Show all filings for INTELIQUENT, INC.

Form 8-K for INTELIQUENT, INC.


10-Apr-2014

Change in Directors or Principal Officers, Financial Statements and Exhibits


Item 5.02. Departure of Directors or Certain Officers; Election of Directors; Appointment of Certain Officers; Compensatory Arrangements of Certain Officers.

On April 10, 2014, the Board of Directors (the "Board") of Inteliquent, Inc. (the "Company") voted to increase the size of the Board from seven to eight members and to appoint Lauren F. Wright as a new director to fill the vacancy created by such increase, effective immediately.

Ms. Wright is the founder of Consulting That Works, a management consultancy in New York City, where she has been a principal since 2011. Since 2013, Ms. Wright has also served as an adjunct instructor at New York University School of Continuing and Professional Studies' graduate program. From 2007 to 2011, Ms. Wright served as Senior Vice President of Global Business Operations of Comverse Technology, Inc., which she joined after serving as special advisor to the company's board of directors. Prior to joining Comverse, Ms. Wright served as a consultant and held a variety of executive positions, including President and Chief Executive Officer of Pryor Resources, Inc., a venture-backed international seminar company, which she managed through bankruptcy reorganization, and President of Sprint International, a division of Sprint, a global telecommunications provider, where she worked from 1988 to 2000. Ms. Wright previously served on the boards of directors of Verint Systems, Inc. (NASDAQ:VRNT), where she was Chair of the Nominating and Governance Committee, Call-Net, Inc. (TSE:CN), Global One (a joint venture among Sprint, Deutsche Telecom and France Telecom), Pryor Resources, Inc., and various nonprofit organizations. Ms. Wright graduated Phi Beta Kappa with a bachelor's degree in psychology from Johns Hopkins University and an MBA from Harvard Business School.

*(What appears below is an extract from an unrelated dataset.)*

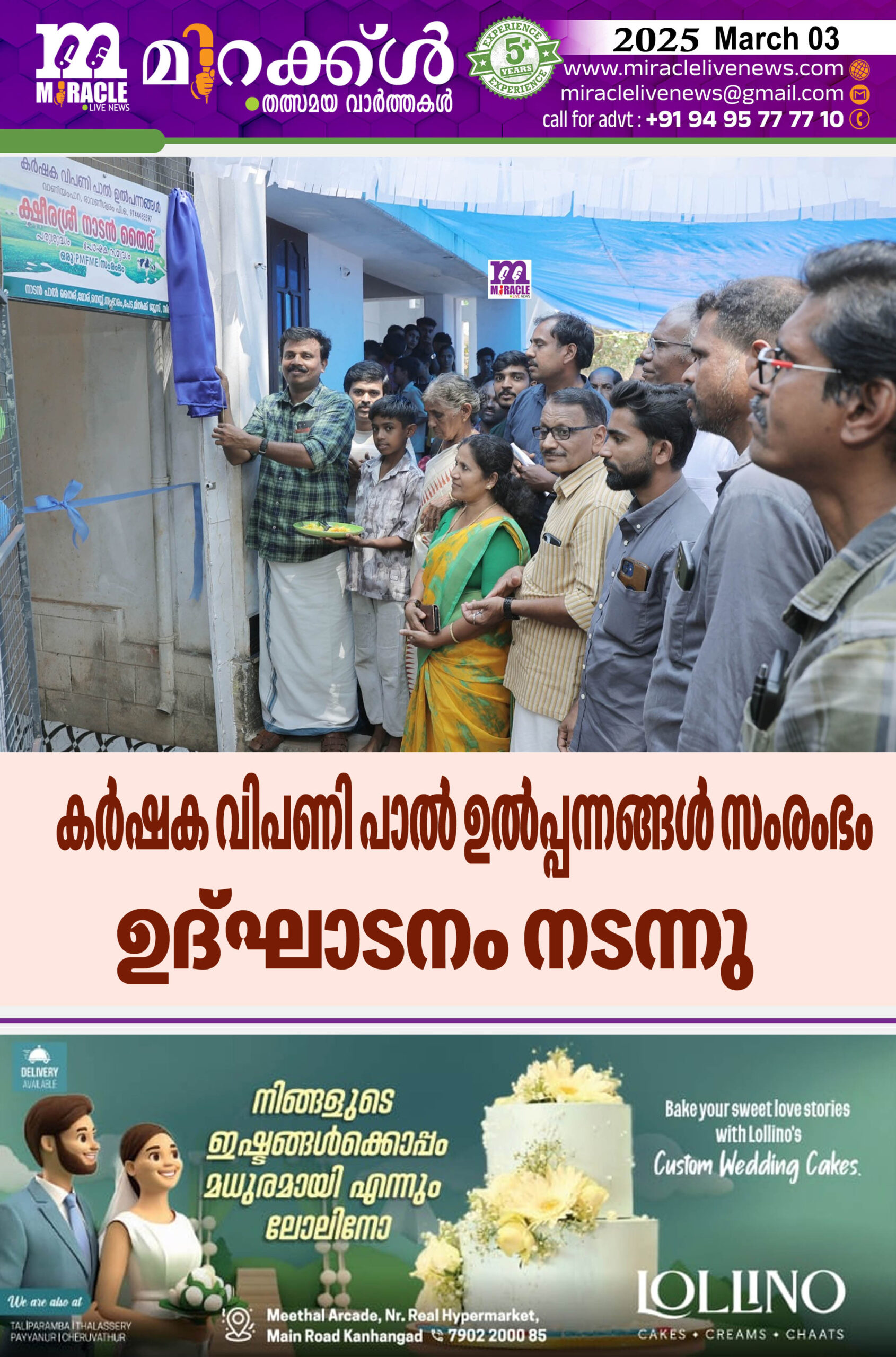 രാവണേശ്വരം : വ്യവസായ വകുപ്പിന്റെ സംരംഭക സഹായ പദ്ധതി പ്രകാരം വാണിയംപാറയില് കര്ഷക വിപണി പാല് ഉല്പ്പന്നങ്ങള് എന്ന പേരില് ചെറുകിട സംരംഭം ആരംഭിച്ചു. പരിശുദ്ധമായ നാടന്പാല് തൈര് മോര് സംഭാരം സിപ്പപ്പ് ഐസ് പേട തുടങ്ങിയവ നിര്മ്മിച്ച വിപണിയില് എത്തിക്കുന്ന സ്ഥാപനത്തിന്റെ ഉദ്ഘാടനം കാഞ്ഞങ്ങാട് ബ്ലോക്ക് പഞ്ചായത്ത് പ്രസിഡണ്ട് കെ. മണികണ്ഠന് നിര്വഹിച്ചു. അജാനൂര് ഗ്രാമപഞ്ചായത്ത് പ്രസിഡണ്ട് ടി.ശോഭ അധ്യക്ഷത വഹിച്ചു. അജാനൂര് ഗ്രാമപഞ്ചായത്ത് വൈസ് പ്രസിഡണ്ട് കെ. സബീഷ്, അജാനൂര് ഗ്രാമപഞ്ചായത്ത് ഇരുപത്തിയൊന്നാം വാര്ഡ് മെമ്പര് ഇര്ഷാദ്, രാവണേശ്വരം കെ.വി.എസ്.എസ് പ്രസിഡന്റ് കെ. വി. കൃഷ്ണന്, മുന് വാര്ഡ് മെമ്പര് പി. കൃഷ്ണന്, ചിത്താരി സര്വീസ് സഹകരണ ബാങ്ക് പ്രസിഡണ്ട് എ. പവിത്രന് മാസ്റ്റര്, കേരള ഗ്രാമീണ് ബാങ്ക് മാനേജര് മീനു മധു ക്ഷീര വികസന ഓഫീസര് വി. മനോഹരന്, മുന് വ്യവസായവകുപ്പ് ഓഫീസര് എന്. അശോക് ചങ്ങമ്പുഴ കലാകായിക വേദി പ്രസിഡണ്ട് കെ. അനില്കുമാര് എന്നിവര് ആശംസകള് നേര്ന്നു. സംരംഭകനായ പി. വിജയന് വാണിയംപാറസ്വാഗതംപറഞ്ഞു
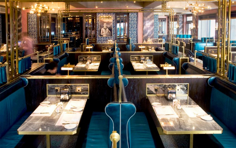 BBR is a brasserie inspired by the romance of early 20th-century travel, the idea of the train éclair de luxe, by the wagon-lits, and by the grand brasseries and hotels of central Europe. The brand insignia, designed by David Collins studio, has been incorporated throughout the design. Using finishes including marbles, terrazzo and custom ikat and kaleidoscopic wallpapers, a fin de siècle world has been created. BBR is the recipient of Best Booth Award (Wallpaper*) and Best New Design (Time Out).

In connection with her appointment, Ms. Wright will receive an annual retainer of $150,000, paid quarterly in advance in the form of cash or restricted stock as determined by the Company.

Ms. Wright's appointment fulfills the Company's obligation to appoint a new independent director as required by its previously announced letter agreement, dated May 17, 2013, with Clinton Group, Inc. on behalf of itself and certain affiliated funds, persons and entities (the "Letter Agreement"). The description of the Letter Agreement in this Current Report on Form 8-K does not purport to be complete and is qualified in its entirety by reference to the Letter Agreement, a copy of which is filed as Exhibit 10.1 to this Current Report on Form 8-K and is incorporated herein by reference.



Item 9.01. Financial Statements and Exhibits.

(d) Exhibits

Exhibit No.                                  Description

10.1              Letter Agreement between the Company and Clinton Group, Inc.
                  dated May 17, 2013 (incorporated by reference to Exhibit 10.1 to
                  the Company's Current Report on Form 8-K filed on May 20, 2013).